1 . A computer system, comprising: one or more processors; and memory storing one or more programs configured to be executed by the one or more processors, the one or more programs including instructions for: while operating in a hands-free operating mode, receiving a natural-language speech input indicative of a task; in response to receiving the natural-language speech input, initiating performance of the task; and providing an output corresponding to the task, wherein providing the output includes displaying at a first magnification greater than a second magnification a first user interface associated with an application, the first user interface displayed according to the hands-free operating mode; while displaying the first user interface, receiving, via the one or more input devices, a touch input at a location corresponding to the first user interface; and in response to the touch input: transitioning from the hands-free operating mode to a hands-on operating mode different than the hands-free operating mode; and launching the application, wherein launching the application includes displaying at the second magnification a second user interface according to the hands-on operating mode.

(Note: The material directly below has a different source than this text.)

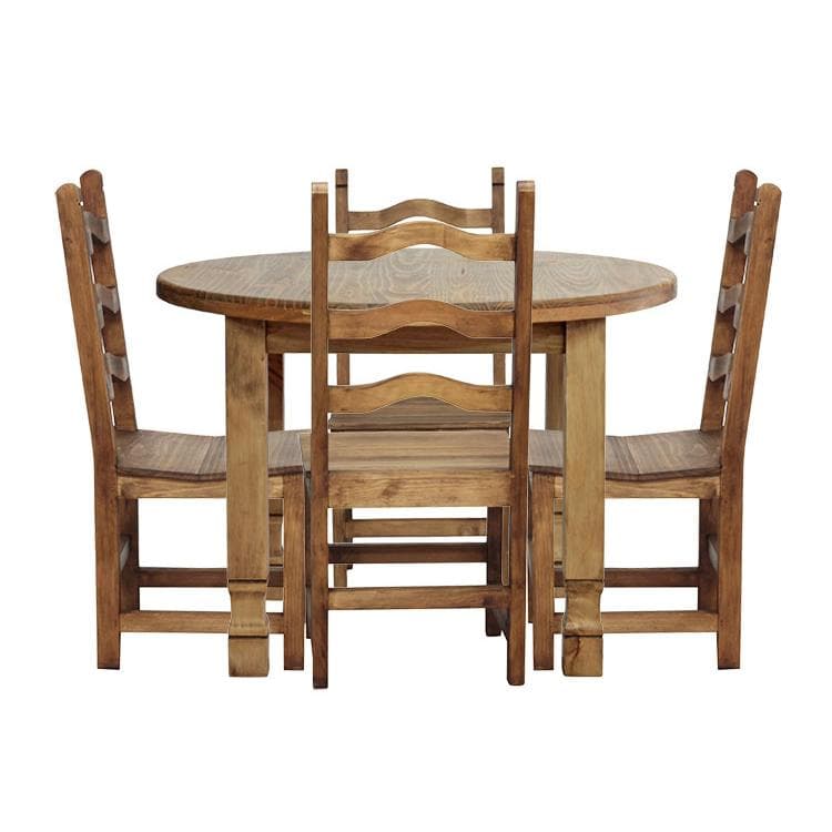Ideal for compact dining spaces or a covered patio, this Round Julio Dining Set is affordable and practical for al fresco meals. Its solid pine table features a rustic, distressed look with carved legs, ensuring long-lasting use. Paired with the Round Julio table, the Colonial Chair's curved ladder back and graceful design evoke a French country style. The pine construction and contoured seat offer durability and comfort. Made in Mexico, this set accommodates four adults comfortably.

2 . The computer system of claim 1 , wherein the one or more programs further include instructions for: determining whether a first set of proximity criteria is met; in accordance with a determination that the first set of proximity criteria is met, maintaining operation in the hands-on operating mode; and in accordance with a determination that the first set of proximity criteria is not met, transitioning from the hands-on operating mode to the hands-free operating mode.
3 . The computer system of claim 2 , wherein transitioning from the hands-on operating mode to the hands-free operating mode includes displaying a third user interface associated with the application, wherein the third user interface is displayed according to the hands-free operating mode.
4 . The computer system of claim 1 , wherein the first user interface includes a second user interface object and the second user interface includes the second user interface object.
5 . The computer system of claim 4 , wherein: the second user interface object corresponds to a digital assistant of the computer system, the first user interface includes the second user interface object at a first location, and displaying the second user interface includes: ceasing to display the second user interface object at the first location; and displaying the second user interface object at a second location different than the first location.
6 . The computer system of claim 1 , wherein the first user interface includes a third user interface object corresponding to the application, and receiving the touch input at the location corresponding to the first user interface includes receiving the touch input at a location corresponding to the third user interface object.
7 . The computer system of claim 1 , wherein the one or more programs further include instructions for: selecting a mode of operation based on a second set of proximity criteria, wherein the hands-free operating mode is selected when one criterion of the second set of criteria is satisfied, and wherein the one criterion is satisfied when the computer system is oriented in a landscape orientation; in accordance with selecting the hands-free operating mode, operating the computer system in the hands-free operating mode.
8 . A non-transitory computer-readable storage medium storing one or more programs configured to be executed by one or more processors of a computer system, the one or more programs including instructions for: while operating in a hands-free operating mode, receiving a natural-language speech input indicative of a task; in response to receiving the natural-language speech input, initiating performance of the task; and providing an output corresponding to the task, wherein providing the output includes displaying at a first magnification greater than a second magnification a first user interface associated with an application, the first user interface displayed according to the hands-free operating mode; while displaying the first user interface, receiving, via the one or more input devices, a touch input at a location corresponding to the first user interface; and in response to the touch input: transitioning from the hands-free operating mode to a hands-on operating mode different than the hands-free operating mode; and launching the application, wherein launching the application includes displaying at the second magnification a second user interface according to the hands-on operating mode.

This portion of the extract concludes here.